Mere Agreement to Assign Does not Automatically Work an Assignment
IPVENTURE, Inc., v. Prostar Computer, Inc., [2006-1012, 1081] (September 28, 2007)[NEWMAN, Lourie, Bryson] The Federal Circuit reversed the district court's dismissal of a patent infringement action on the grounds that the plaintiff did not own the entire interest in the patent in suit.
SIGNIFICANCE: Mere agreement to assign does not automatically create an ownership interest, divesting the inventor of legal title.
BRIEF: Plaintiff sued for infringement of a patent invented by C. Douglass Thomas, and employee of Hewlett-Packard, and his father, Alan E. Thomas. The district court dismissed the complaint on the theory that Hewlett-Packard had an ownership interest in the patent.

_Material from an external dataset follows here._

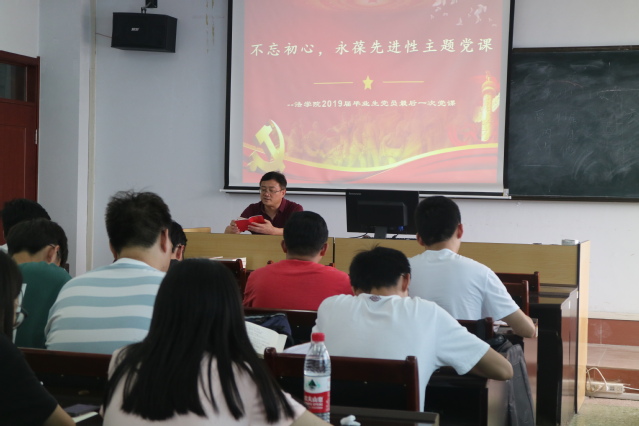 为引导毕业生党员充分发挥党员的先锋模范作用,在今后的学习工作中能够不忘初心,牢记使命,6月5日下午,w88win体育官网入口在西校区2号教学楼323室为2019届毕业生上最后一次党课。党课由法公司党总支书记张宗磊主讲、w88win体育官网入口员工工作办公室主任许燕飞主持,2019届全体毕业生党员参加了此次活动。

The Federal Circuit found the dismissal was in error, for Hewlett-Packard had no assignment of an interest in the patent, and had disclaimed any interest therein. The Federal Circuit found a difference between a present assignment and an agreement to assign, and held that Hewlett-Packard did not acquire an ownership interest in the patent. Further, the Federal Circuit noted that Hewlett-Packard provided a statement that it never had an interest in the '235 patent, confirmed the situation as to that patent and removed the need to construe the employment agreement.